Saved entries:
####################
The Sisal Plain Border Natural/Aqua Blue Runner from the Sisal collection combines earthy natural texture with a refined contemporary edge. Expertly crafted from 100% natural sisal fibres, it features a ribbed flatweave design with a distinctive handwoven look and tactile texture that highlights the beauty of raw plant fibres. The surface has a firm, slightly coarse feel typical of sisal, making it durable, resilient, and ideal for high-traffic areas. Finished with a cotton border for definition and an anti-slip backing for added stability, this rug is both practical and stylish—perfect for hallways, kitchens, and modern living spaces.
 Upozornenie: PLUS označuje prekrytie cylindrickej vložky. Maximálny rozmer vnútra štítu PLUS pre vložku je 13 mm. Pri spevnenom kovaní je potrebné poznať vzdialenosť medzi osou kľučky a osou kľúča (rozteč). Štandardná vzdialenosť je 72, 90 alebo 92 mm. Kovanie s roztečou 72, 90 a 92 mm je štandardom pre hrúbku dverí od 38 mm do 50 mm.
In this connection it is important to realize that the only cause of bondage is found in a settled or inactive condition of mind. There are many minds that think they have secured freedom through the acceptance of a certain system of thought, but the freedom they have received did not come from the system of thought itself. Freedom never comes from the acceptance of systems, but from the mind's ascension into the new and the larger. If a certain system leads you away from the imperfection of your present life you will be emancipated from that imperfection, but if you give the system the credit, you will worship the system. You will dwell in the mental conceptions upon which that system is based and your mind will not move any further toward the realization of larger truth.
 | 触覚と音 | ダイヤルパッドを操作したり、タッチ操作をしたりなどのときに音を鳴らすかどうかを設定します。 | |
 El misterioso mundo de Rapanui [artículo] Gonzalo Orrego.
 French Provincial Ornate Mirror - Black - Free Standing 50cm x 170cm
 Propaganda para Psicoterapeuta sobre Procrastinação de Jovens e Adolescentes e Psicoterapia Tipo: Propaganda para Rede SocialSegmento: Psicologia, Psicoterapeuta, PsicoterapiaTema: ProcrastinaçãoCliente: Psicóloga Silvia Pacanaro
####################
▶ [What needs to be done]: Starting from the line containing "El misterioso mundo" and ending with the final line of the data, reproduce each line exactly as it appears, including no other lines.

▶ [Expected answer]:
 El misterioso mundo de Rapanui [artículo] Gonzalo Orrego.
 French Provincial Ornate Mirror - Black - Free Standing 50cm x 170cm
 Propaganda para Psicoterapeuta sobre Procrastinação de Jovens e Adolescentes e Psicoterapia Tipo: Propaganda para Rede SocialSegmento: Psicologia, Psicoterapeuta, PsicoterapiaTema: ProcrastinaçãoCliente: Psicóloga Silvia Pacanaro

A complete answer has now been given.